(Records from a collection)

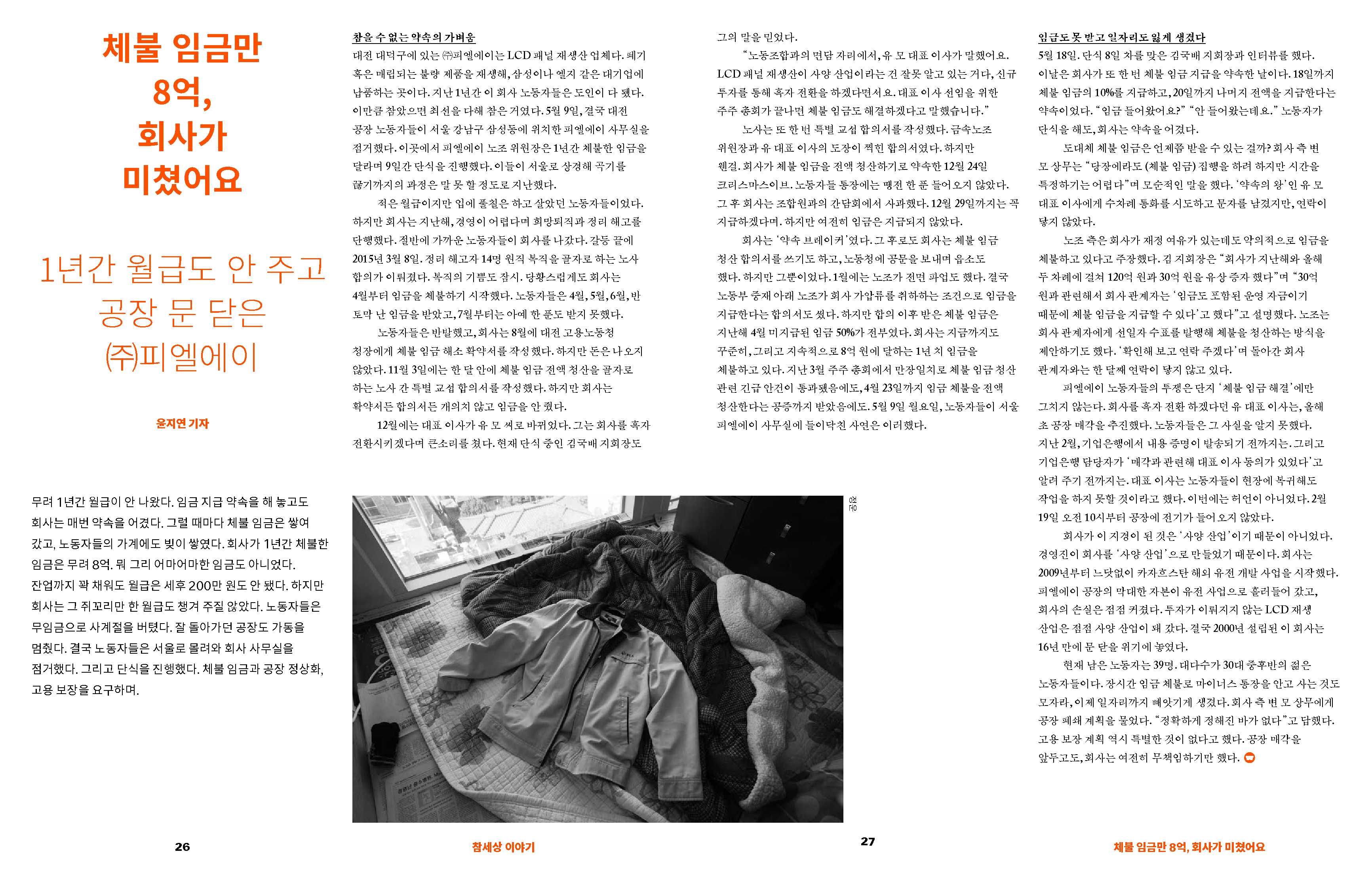 무려 1년간 월급이 안 나왔다. 임금 지급 약속을 해 놓고도 회사는 매번 약속을 어겼다. 그럴 때마다 체불 임금은 쌓여 갔고, 노동자들의 가계에...
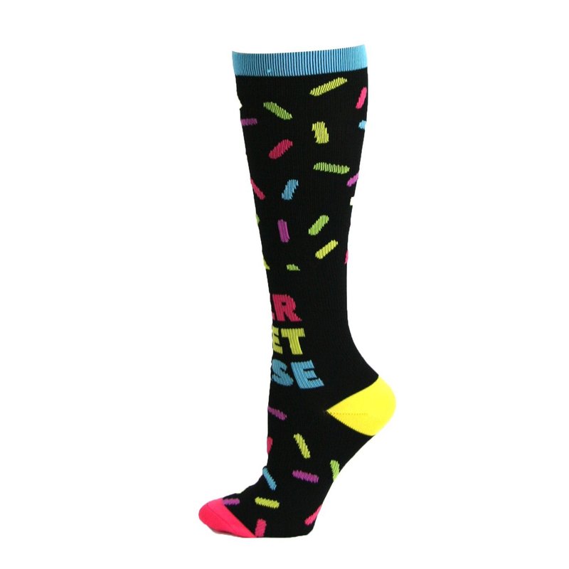 SUPER SWEET NURSE > printed across the sock. These colorful compression socks provide excellent support for you at work! They feature gradient compression that delivers controlled pressure from ankle to calf in order to promote better blood flow throughout the lower leg. Wear them daily for lower leg support and enjoy the comfort of a non-restrictive band and built in arch support. 10-14mmHg gradient compression 90% nylon, 8% elastic, 2% spandex Energize tired legs Reduce muscle strain and Relieve varicose vein discomfort Prevent swelling Non-Restrictive comfort top Built-in arch support Machine wash warm with like colors. Do not bleach. Tumble dry. These are Regular size womens sock size 9-11. (Woman's U.S. shoe size ranging from 5-10) Compression socks are designed to be tight, however if you have larger calf's these may not fit.
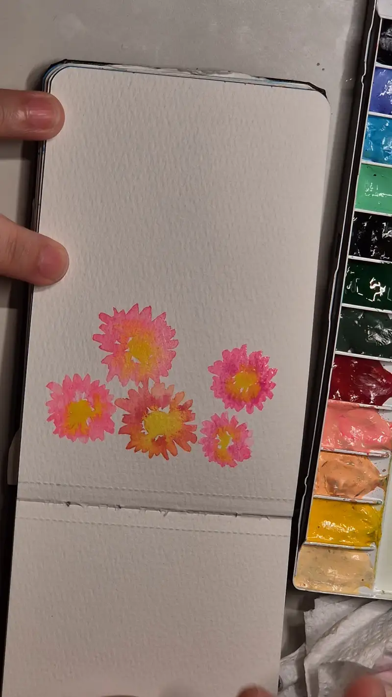 물감이 마르기 전이라 노란색과 핑크색이 마구 섞여버렸지만
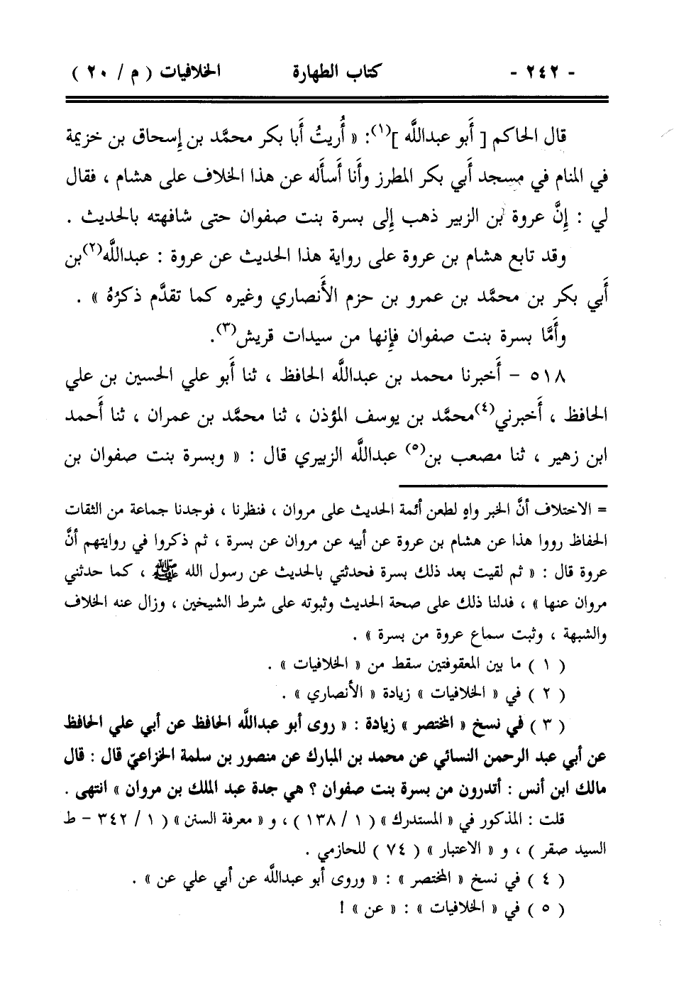 قال الحاكم [أبو عبد الله]: ((أريت أبا بكر محمد بن إسحاق بن خزيمة في المنام في مسجد أبي بكر المطرز وأنا أسأله عن هذا الخلاف على هشام، فقال لي: إن عروة بن الزبير ذهب إلى بسرة بنت صفوان حتى شافهته بالحديث.
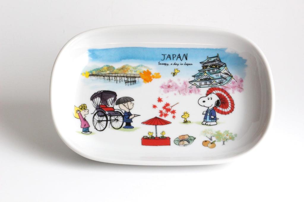 This versatile plate is large enough to be used as a side dish, grilled dish, or breakfast plate. Its oval shape saves space in your cupboard or on the table, making your food look stunning. Dimensions: 18.5 x 12.7 x 2.5 cm (H). Weight: 260 g. Material: Porcelain (Mino ware). © 2024 Peanuts Worldwide LLC
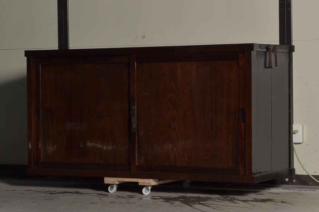 和箪笥 > 和製アンティーク 木製引き戸のシンプルな収納箪笥サイドボード(収納棚、戸棚、夜具箪笥、布団箪笥)(R-036604)
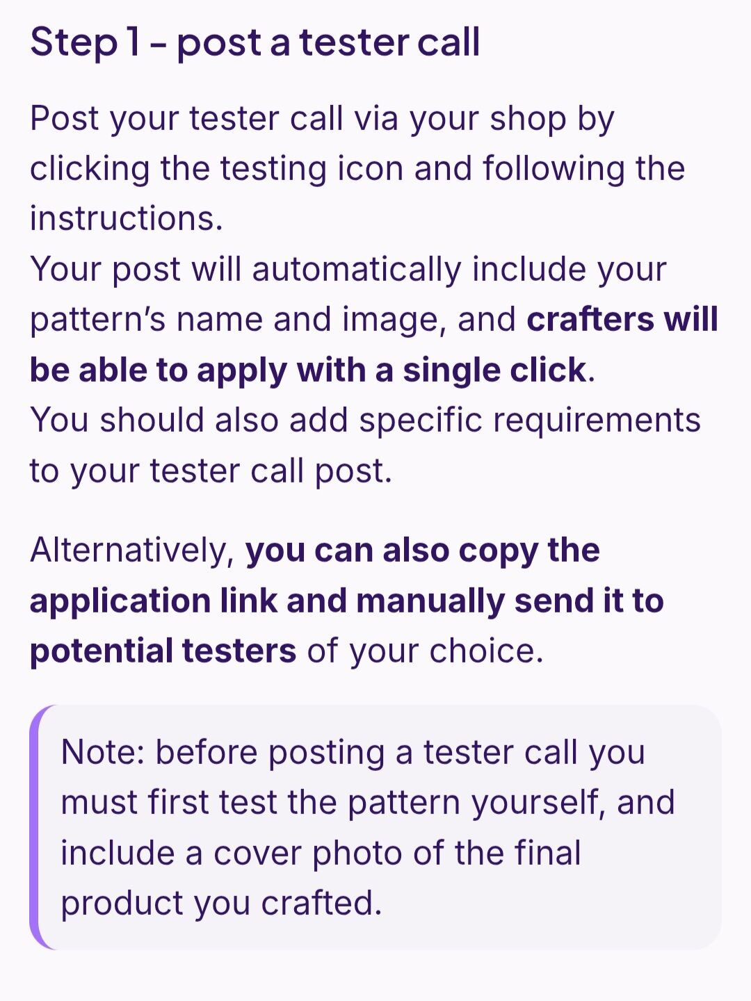 Can you add a photo of your completed whale? It is best practice to have made one yourself before posting a tester call. Also, start a group chat through your shop for any tester photos and conversation. Let me know if I can help you with that! Otherwise, the help center has valuable info on how to manage tester calls

Exercise requirements:
From the line containing "물감이 마르기 전이라 노란색과 핑크색이 마구 섞여버렸지만" through the final line of the records, write out each line exactly, and include no pictures.

Expected answer:
 물감이 마르기 전이라 노란색과 핑크색이 마구 섞여버렸지만
 قال الحاكم [أبو عبد الله]: ((أريت أبا بكر محمد بن إسحاق بن خزيمة في المنام في مسجد أبي بكر المطرز وأنا أسأله عن هذا الخلاف على هشام، فقال لي: إن عروة بن الزبير ذهب إلى بسرة بنت صفوان حتى شافهته بالحديث.
 This versatile plate is large enough to be used as a side dish, grilled dish, or breakfast plate. Its oval shape saves space in your cupboard or on the table, making your food look stunning. Dimensions: 18.5 x 12.7 x 2.5 cm (H). Weight: 260 g. Material: Porcelain (Mino ware). © 2024 Peanuts Worldwide LLC
 和箪笥 > 和製アンティーク 木製引き戸のシンプルな収納箪笥サイドボード(収納棚、戸棚、夜具箪笥、布団箪笥)(R-036604)
 Can you add a photo of your completed whale? It is best practice to have made one yourself before posting a tester call. Also, start a group chat through your shop for any tester photos and conversation. Let me know if I can help you with that! Otherwise, the help center has valuable info on how to manage tester calls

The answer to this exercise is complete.